*EXERCISE:*
Starting with the line where "BROOM CORN INDUSTRIAL" appears, print every line through the end of the entries below exactly as it stands, and leave out the pictures.

━━━━━ DATA

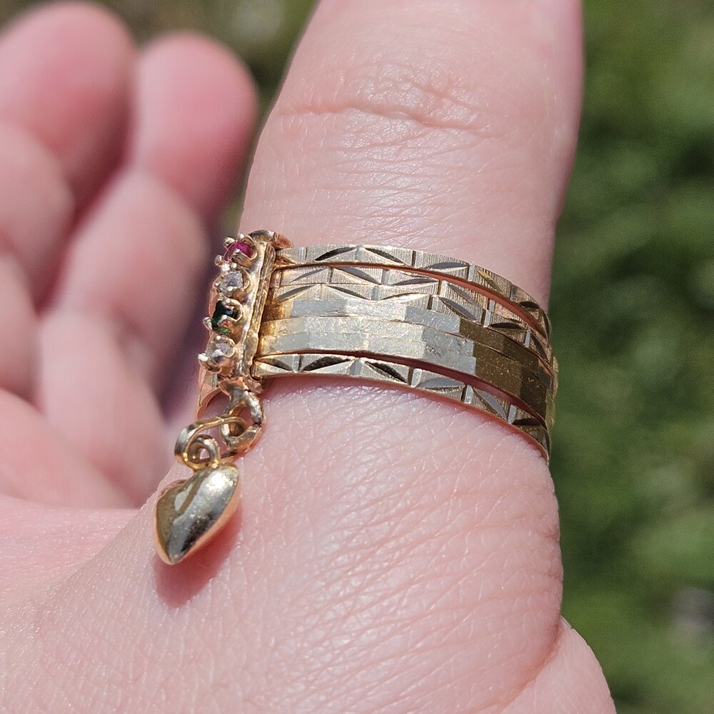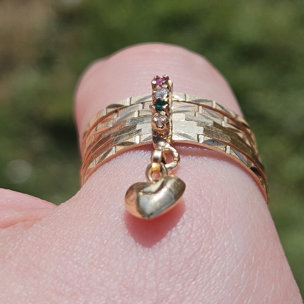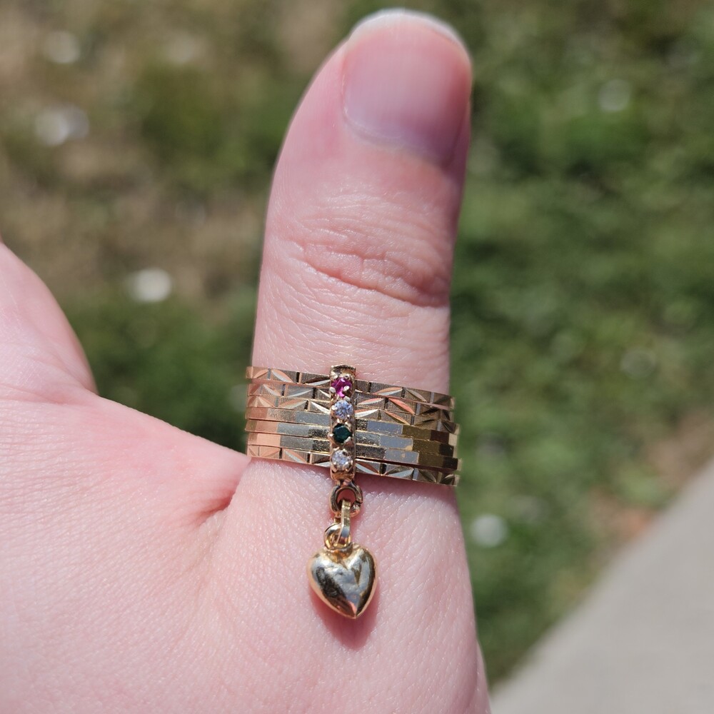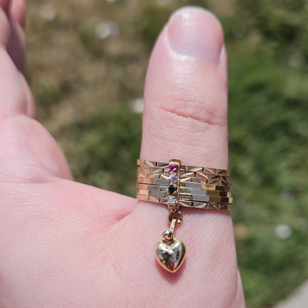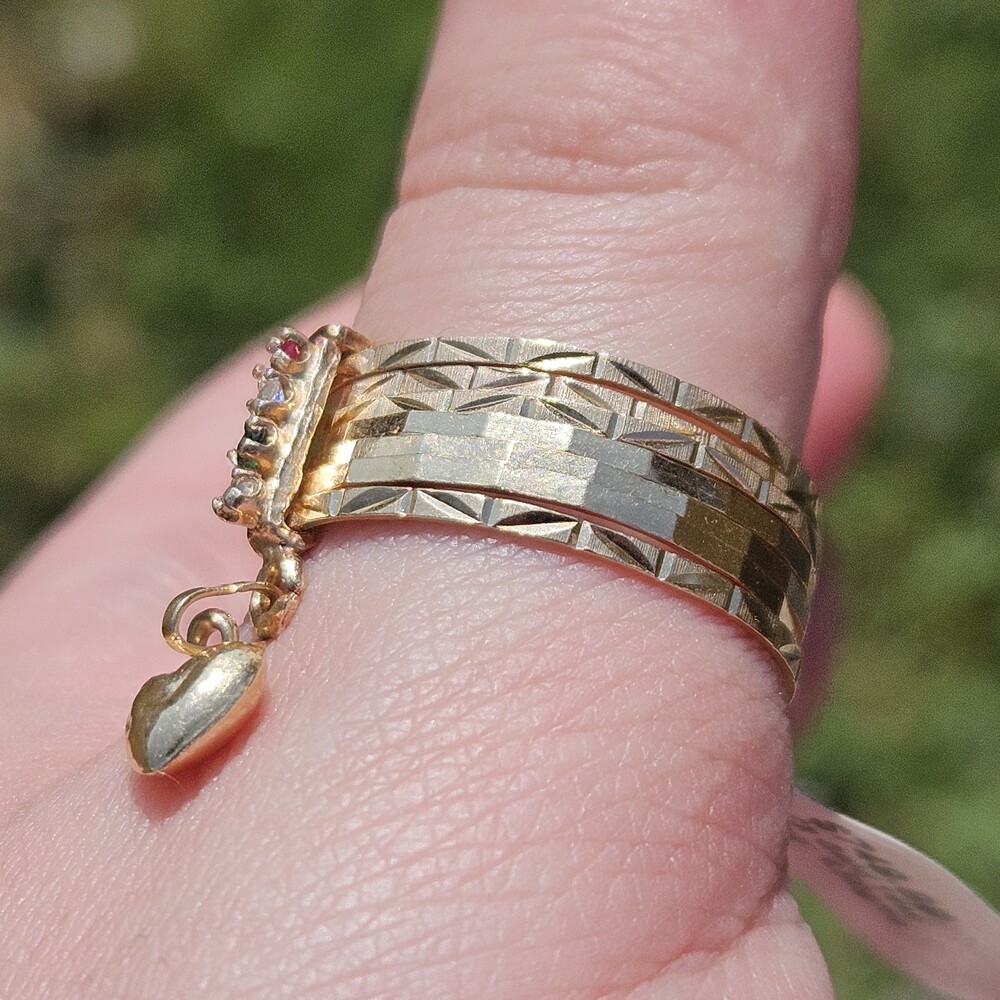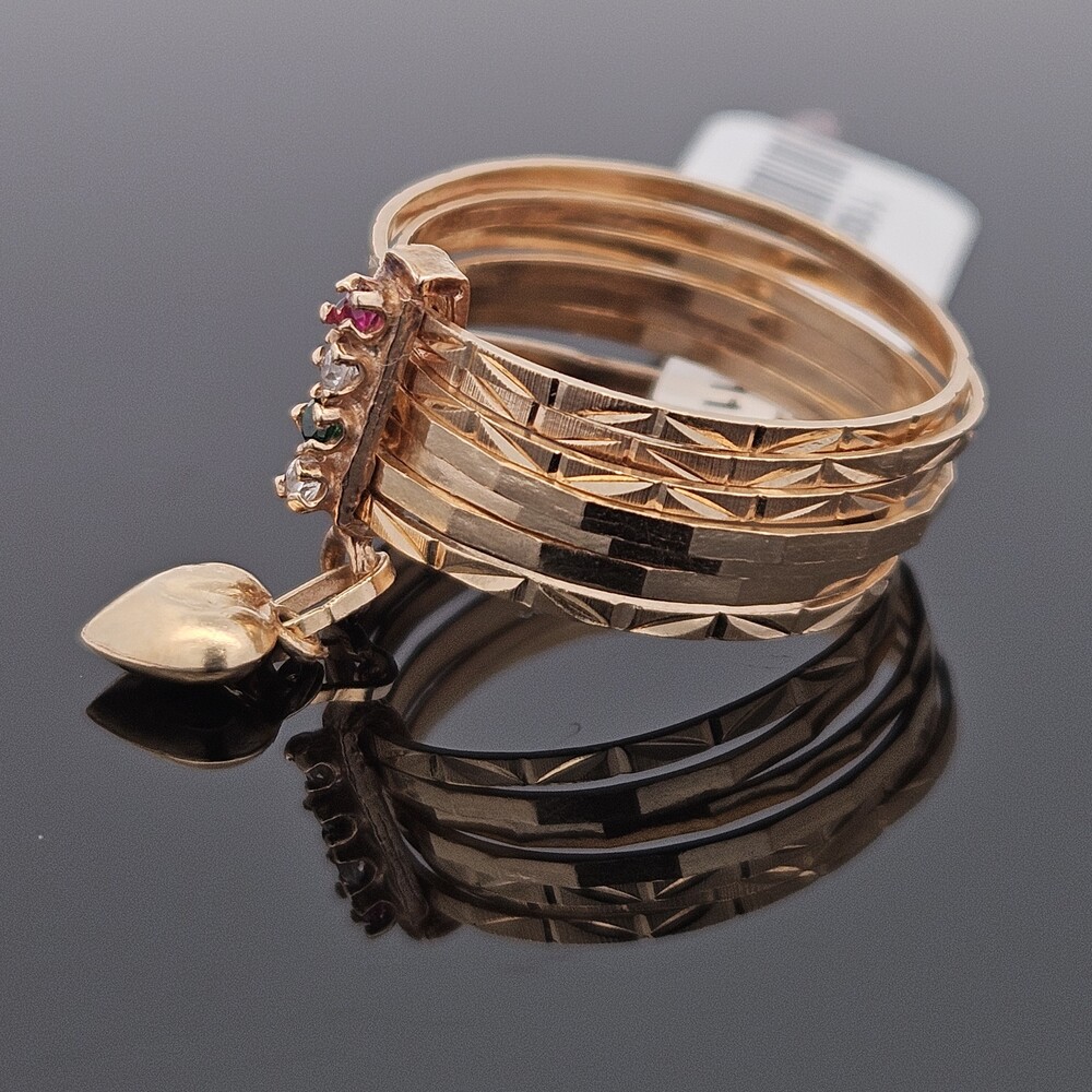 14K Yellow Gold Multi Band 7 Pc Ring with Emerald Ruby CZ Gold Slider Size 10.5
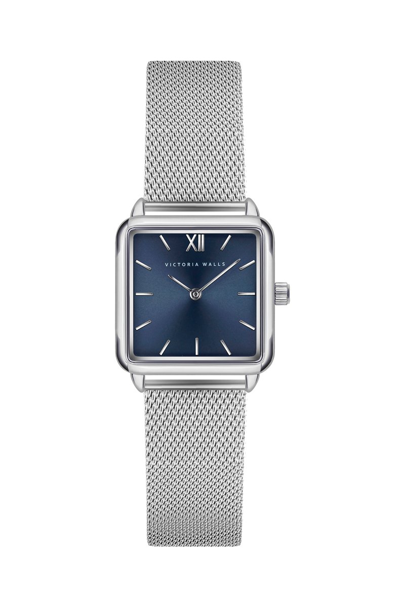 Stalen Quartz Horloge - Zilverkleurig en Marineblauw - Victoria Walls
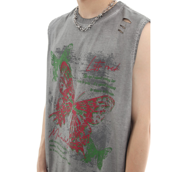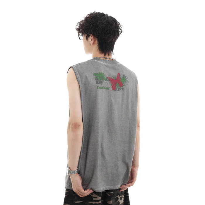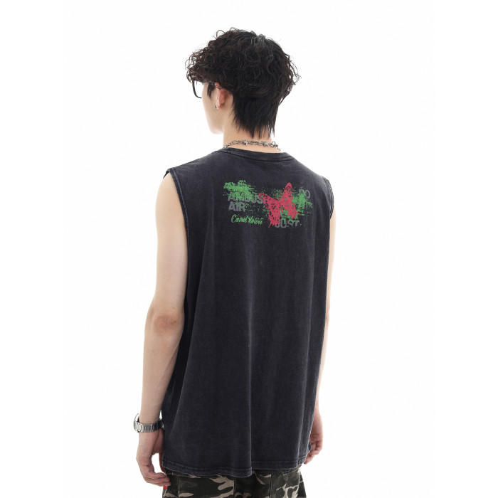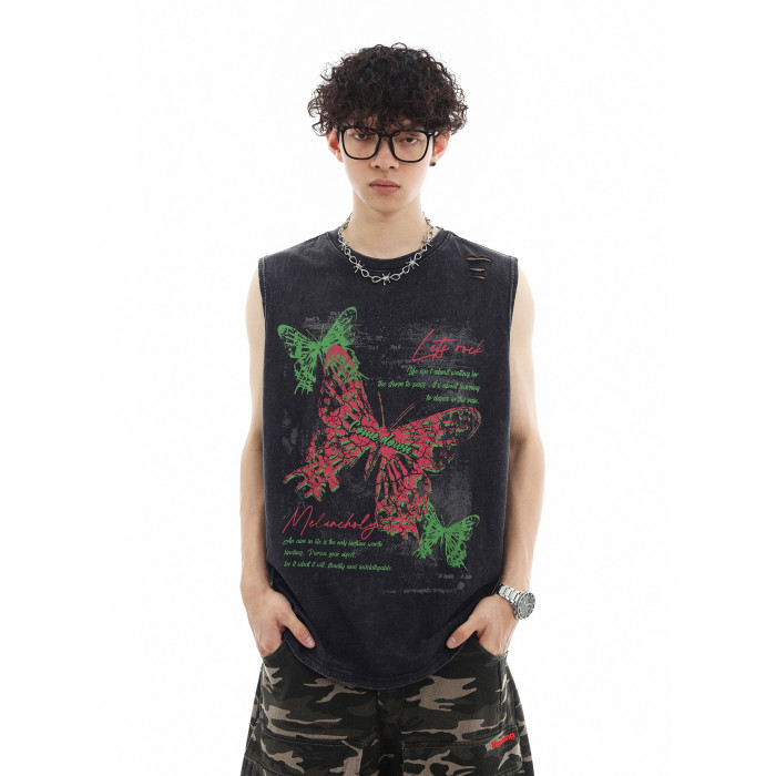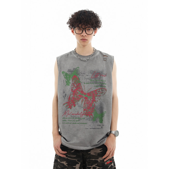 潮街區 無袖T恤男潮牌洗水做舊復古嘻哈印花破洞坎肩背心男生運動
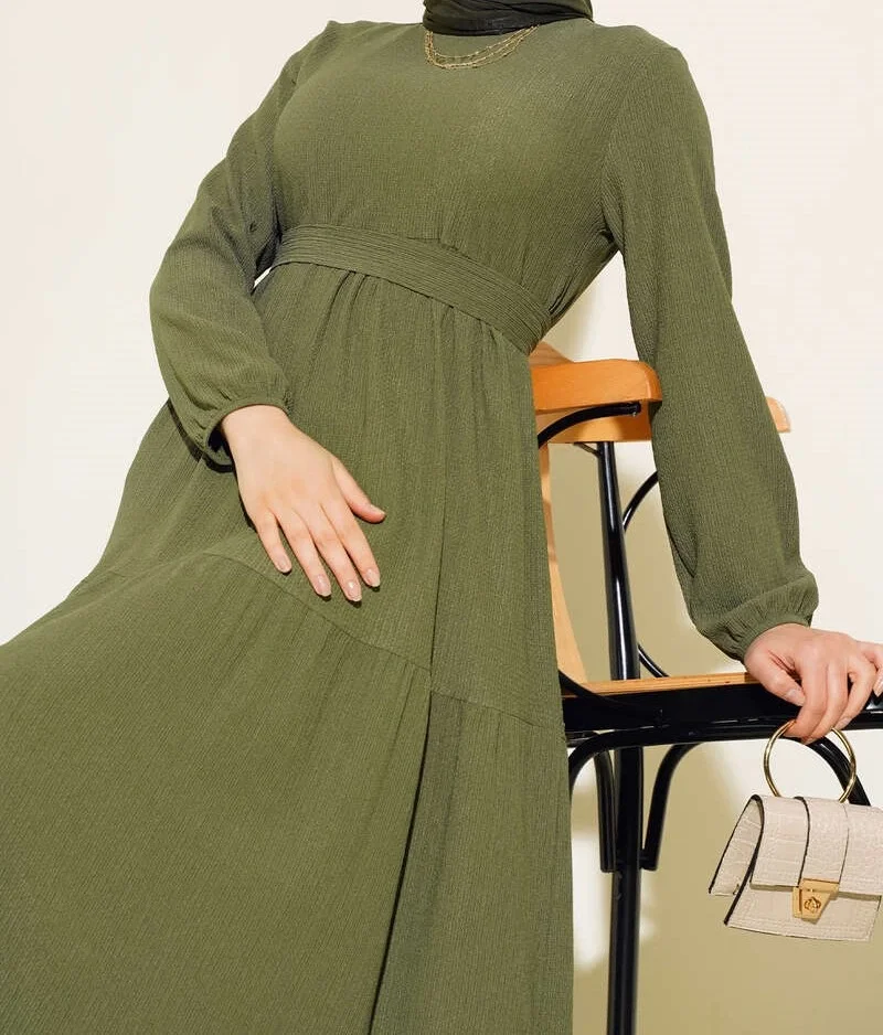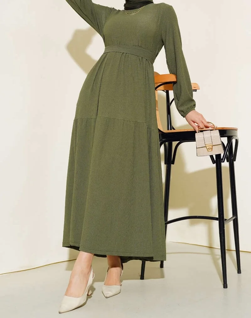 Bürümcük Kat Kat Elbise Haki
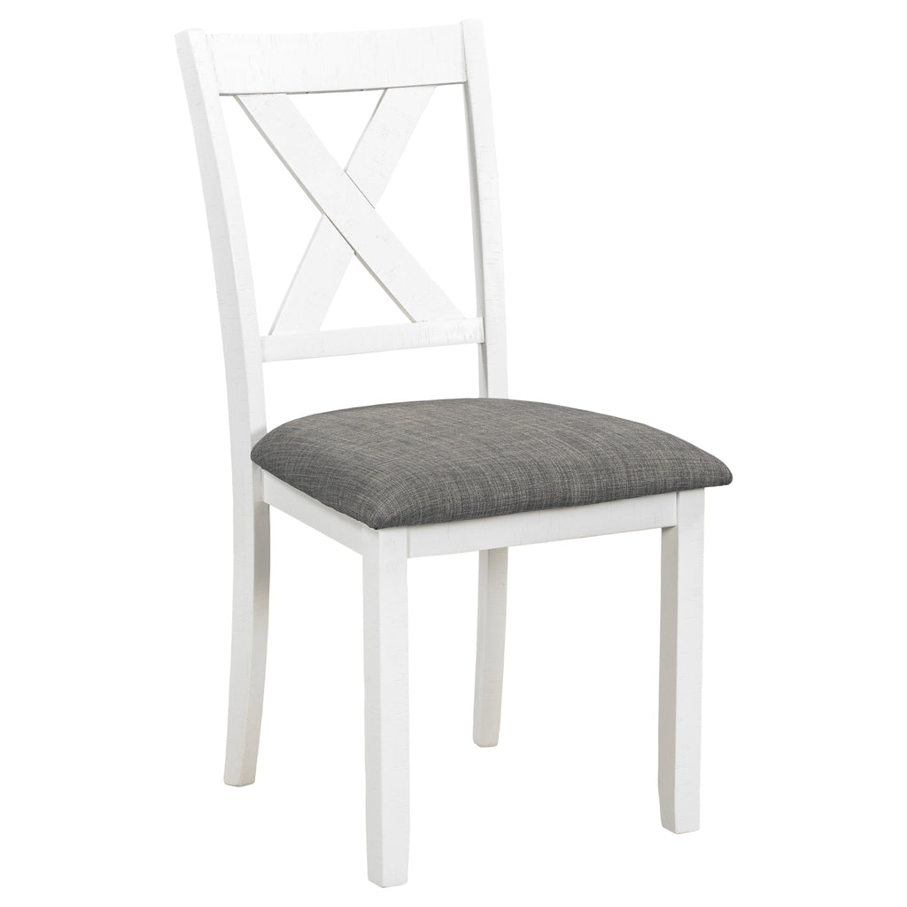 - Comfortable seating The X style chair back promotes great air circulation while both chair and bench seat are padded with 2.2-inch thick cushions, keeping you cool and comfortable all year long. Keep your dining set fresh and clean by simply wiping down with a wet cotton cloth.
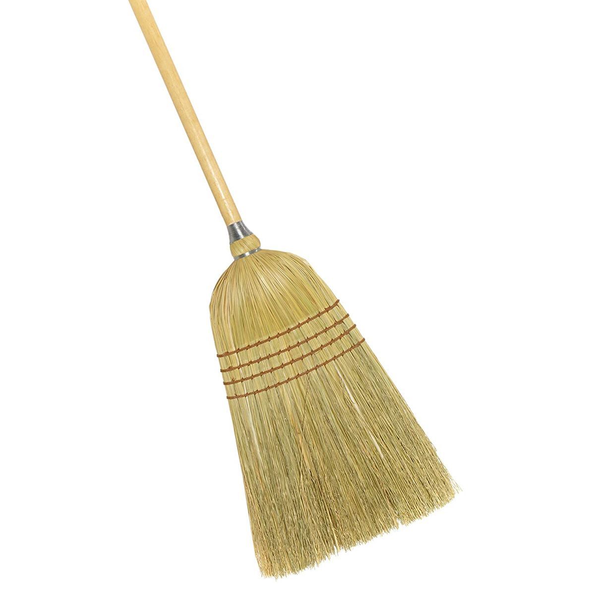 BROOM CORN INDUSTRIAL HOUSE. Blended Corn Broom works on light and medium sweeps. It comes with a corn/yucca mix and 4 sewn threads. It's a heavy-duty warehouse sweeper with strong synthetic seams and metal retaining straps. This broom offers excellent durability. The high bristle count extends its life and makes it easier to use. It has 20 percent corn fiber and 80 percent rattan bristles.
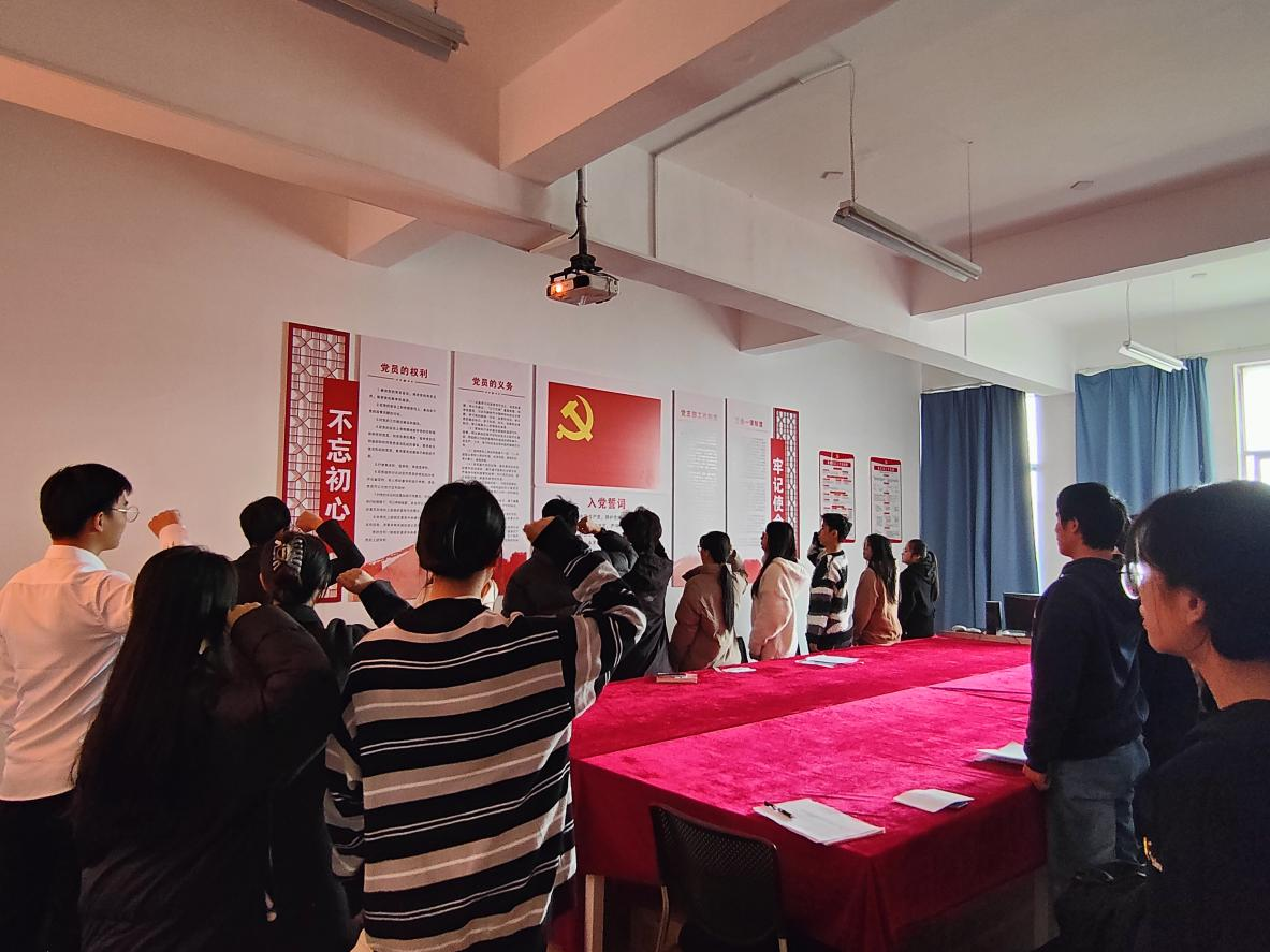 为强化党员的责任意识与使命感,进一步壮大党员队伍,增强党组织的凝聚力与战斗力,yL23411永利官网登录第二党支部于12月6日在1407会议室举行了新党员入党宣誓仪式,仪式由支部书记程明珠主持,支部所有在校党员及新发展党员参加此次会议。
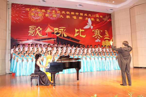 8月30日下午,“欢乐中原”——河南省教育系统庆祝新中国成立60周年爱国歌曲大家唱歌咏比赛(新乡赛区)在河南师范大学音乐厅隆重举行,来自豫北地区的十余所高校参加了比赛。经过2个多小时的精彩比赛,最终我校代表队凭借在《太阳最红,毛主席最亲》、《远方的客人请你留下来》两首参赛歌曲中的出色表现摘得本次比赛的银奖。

━━━━━━━━━━

*OUTPUT FOR THIS TASK:*
 BROOM CORN INDUSTRIAL HOUSE. Blended Corn Broom works on light and medium sweeps. It comes with a corn/yucca mix and 4 sewn threads. It's a heavy-duty warehouse sweeper with strong synthetic seams and metal retaining straps. This broom offers excellent durability. The high bristle count extends its life and makes it easier to use. It has 20 percent corn fiber and 80 percent rattan bristles.
 为强化党员的责任意识与使命感,进一步壮大党员队伍,增强党组织的凝聚力与战斗力,yL23411永利官网登录第二党支部于12月6日在1407会议室举行了新党员入党宣誓仪式,仪式由支部书记程明珠主持,支部所有在校党员及新发展党员参加此次会议。
 8月30日下午,“欢乐中原”——河南省教育系统庆祝新中国成立60周年爱国歌曲大家唱歌咏比赛(新乡赛区)在河南师范大学音乐厅隆重举行,来自豫北地区的十余所高校参加了比赛。经过2个多小时的精彩比赛,最终我校代表队凭借在《太阳最红,毛主席最亲》、《远方的客人请你留下来》两首参赛歌曲中的出色表现摘得本次比赛的银奖。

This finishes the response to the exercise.